◆ TASK DETAILS:
Return, with both end lines included, exactly what the data below holds from the line with "Шикарная гостиная комната" through the line with "Excellent red colored", though not the pictures.

◆ Items listed in a dataset:
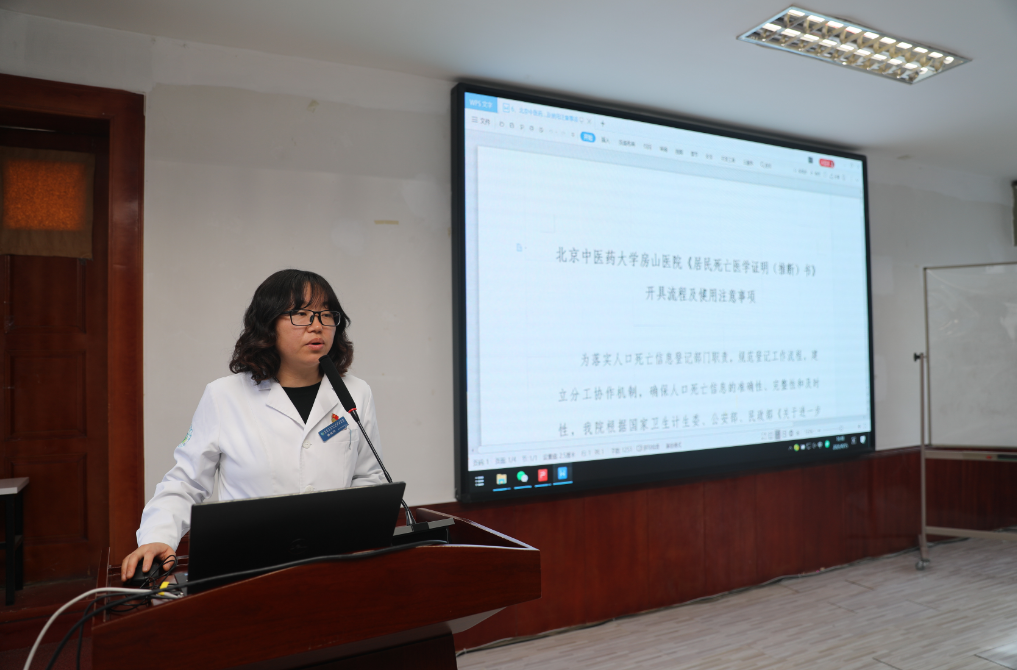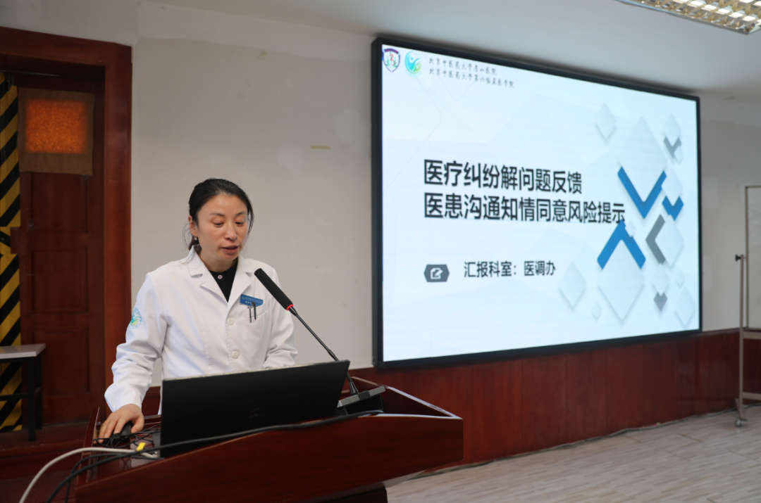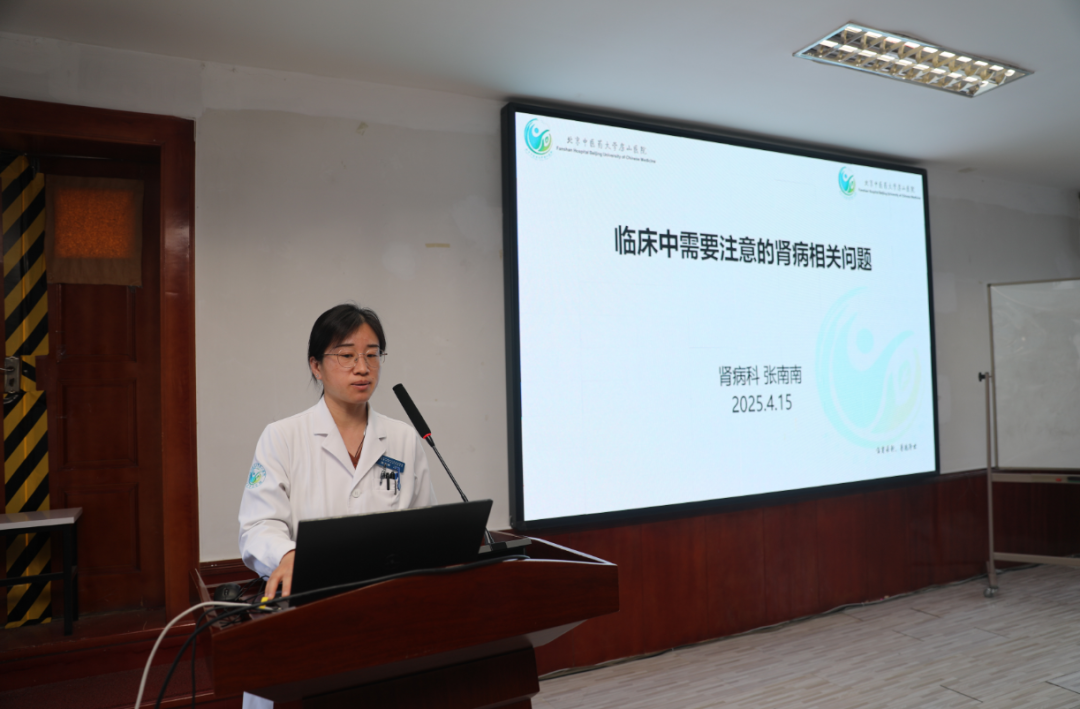 医务科代阿秋科长以国考相关的中医服务指标为切入点,从全院中医技术操作、中医为主治疗出院患者等运营数据出发,聚焦中医服务效能及改进措施;同时围绕胸痛中心建设、营养筛查问题反馈等提出了专项要求。门诊办、医调办、医保办、疾控科等职能科室相继发言,分别通报近期接诉即办、医保工伤检查、死亡证明开具规范等归口相关指标问题、政策导向,并提出相应的解决措施、整改方案。肾病科张南南副主任医师以《需要注意的肾病问题》做了专题分享。
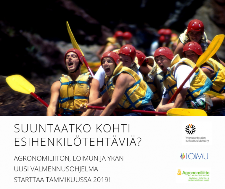 Valmentajina toimivat uravalmentajat, ura-asioiden päällikkö Heidi Hännikäinen (Agronomiliitto), urapalvelupäällikkö Suvi Liikkanen (Loimu) sekä osaamispalveluiden asiantuntija Heini Hult-Miekkavaara (YKA),
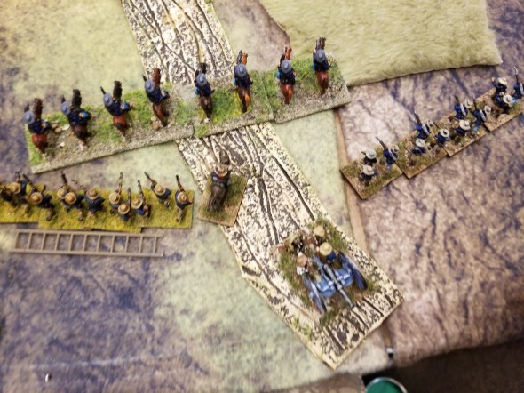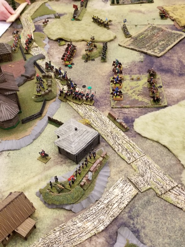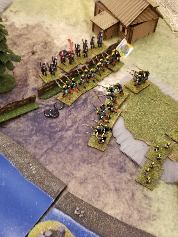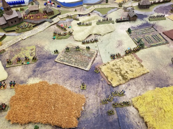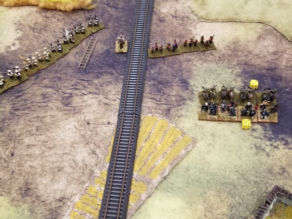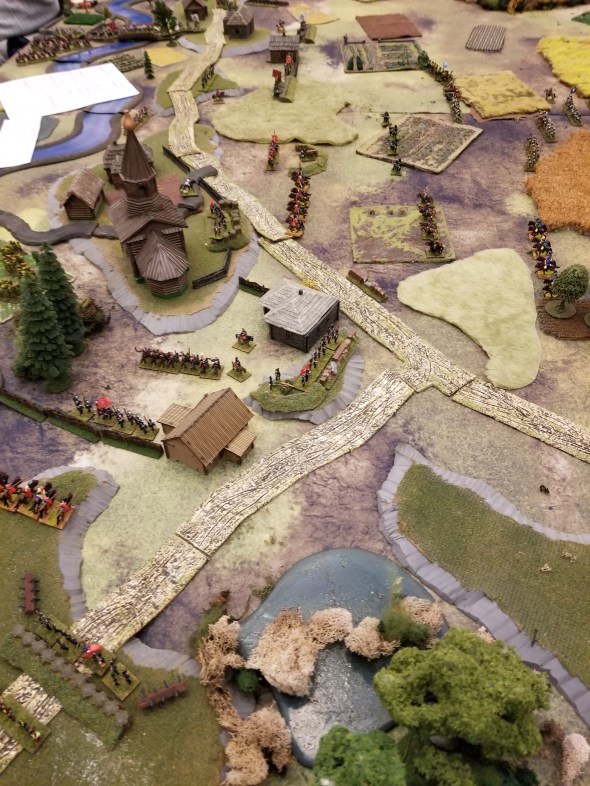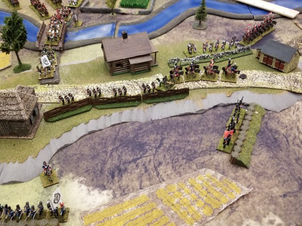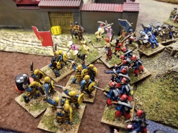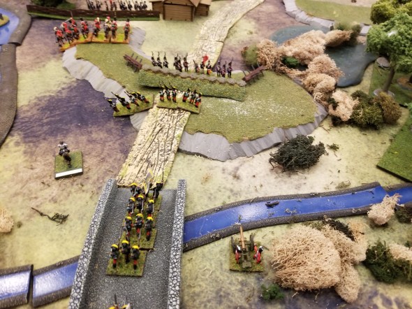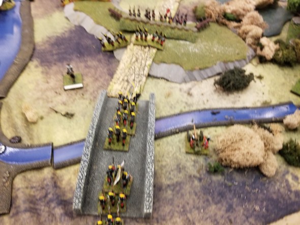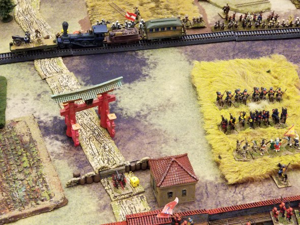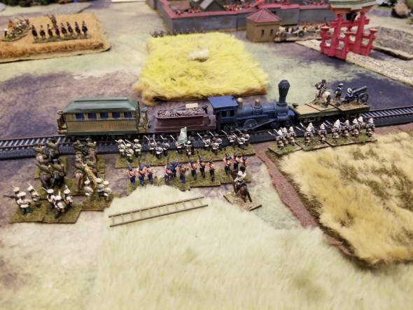 An actual boarding action on the junks in the river – this actually seesawed for three turns….
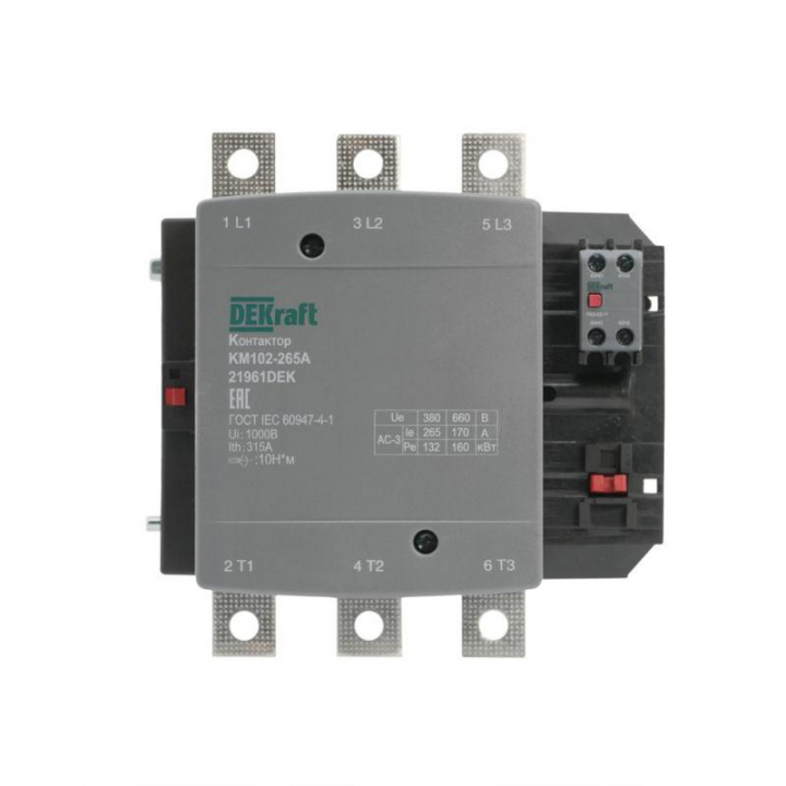 Контактор 265А 220В АС АС3 АС4 1НО+1НЗ КМ-102 DEKraft 21961DEK
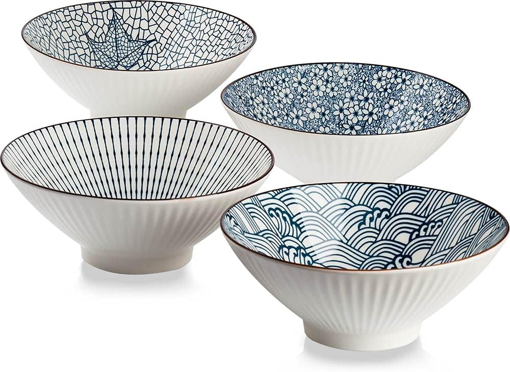 38 oz Japanese Ramen Bowls, Cereal Bowls, Soup Bowls, Pho Bowls, Noodle Bowls, Blue and White Ceramic Bowls Set of 4, 8 inches
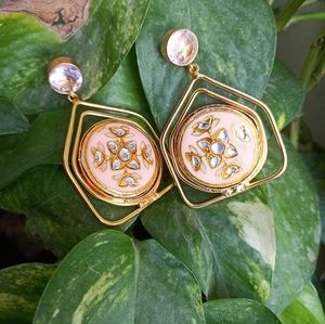 it's very beautiful handmade gold platted stone studded drop earrings perfect for every occasion and goes with every outfit western/Indian/indo-western it is made of brass gold plated very beautiful and long lasting product
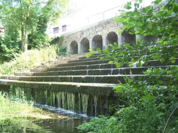 Au confluent de la Trouille et de la Wampe, ce pont-barrage partiellement envahi par la végétation est un vestige de l'ancien moulin domanial attesté dès 1192.
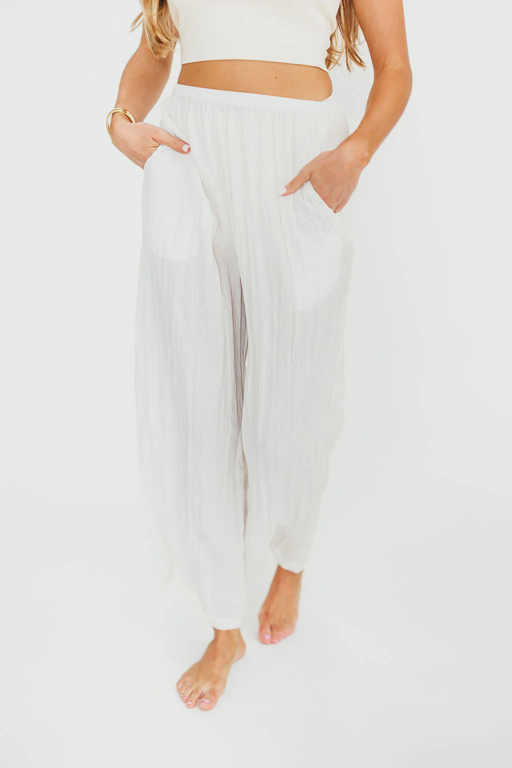 Harmony Crinkle Fabric Pants in Milk (Please see description) *Final-Sale*
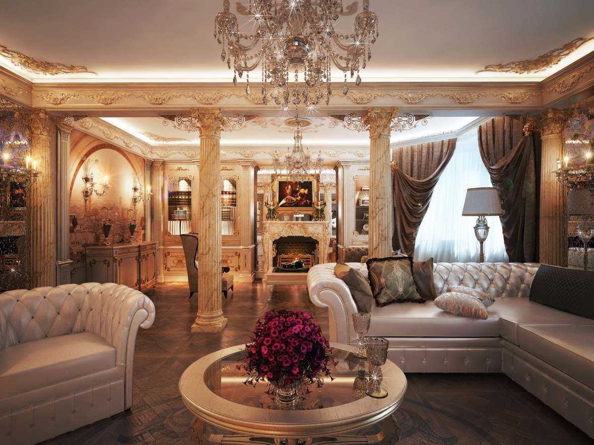 Шикарная гостиная комната в классическом стилеИсточник katchoi.wixsite.com/
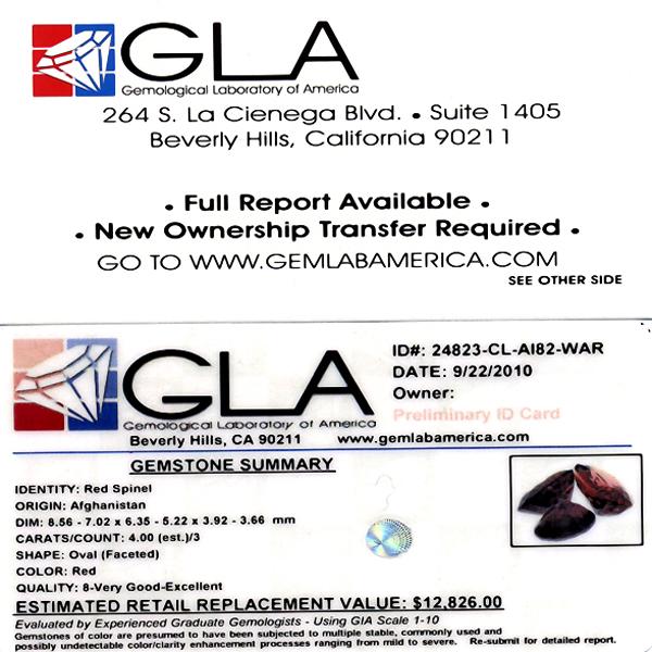 Excellent red colored parcel 3 pieces oval cut; lab quality evaluation 8; treatment as noted; Gem Guide wholesale $1600-$3000; full retail appraisal $12826; full lab evaluation available
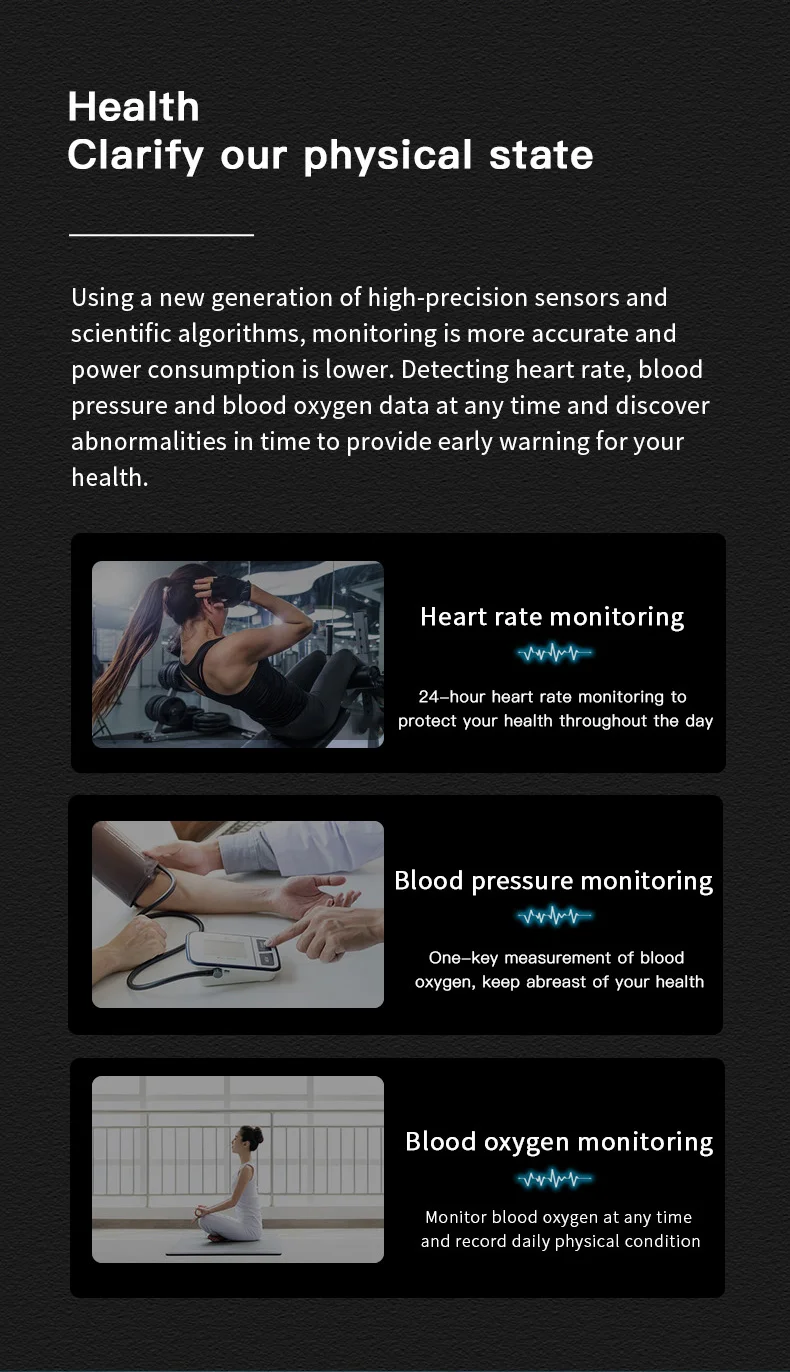 1. После получения часов, пожалуйста, зарядите сначала. Потому что после длительного периода логистики часы имеют низкую батарею.2. Перед использованием отсканируйте qr-код в руководстве, чтобы загрузить приложение и подключить его к часам с помощью приложения.3. Хотя часы могут контролировать частоту сердечных сокращений, они не могут быть использованы для любых медицинских целей, это только для того, чтобы помочь людям жить более здоровой жизнью. Все результаты измерений приведены только для справки. Они основаны на научных алгоритмах и датчиках. Поэтому, пожалуйста, не сравнивайте их с медицинскими устройствами, мы ценим ваше понимание.

◆ RESULT OF THIS TASK:
 Шикарная гостиная комната в классическом стилеИсточник katchoi.wixsite.com/
 Excellent red colored parcel 3 pieces oval cut; lab quality evaluation 8; treatment as noted; Gem Guide wholesale $1600-$3000; full retail appraisal $12826; full lab evaluation available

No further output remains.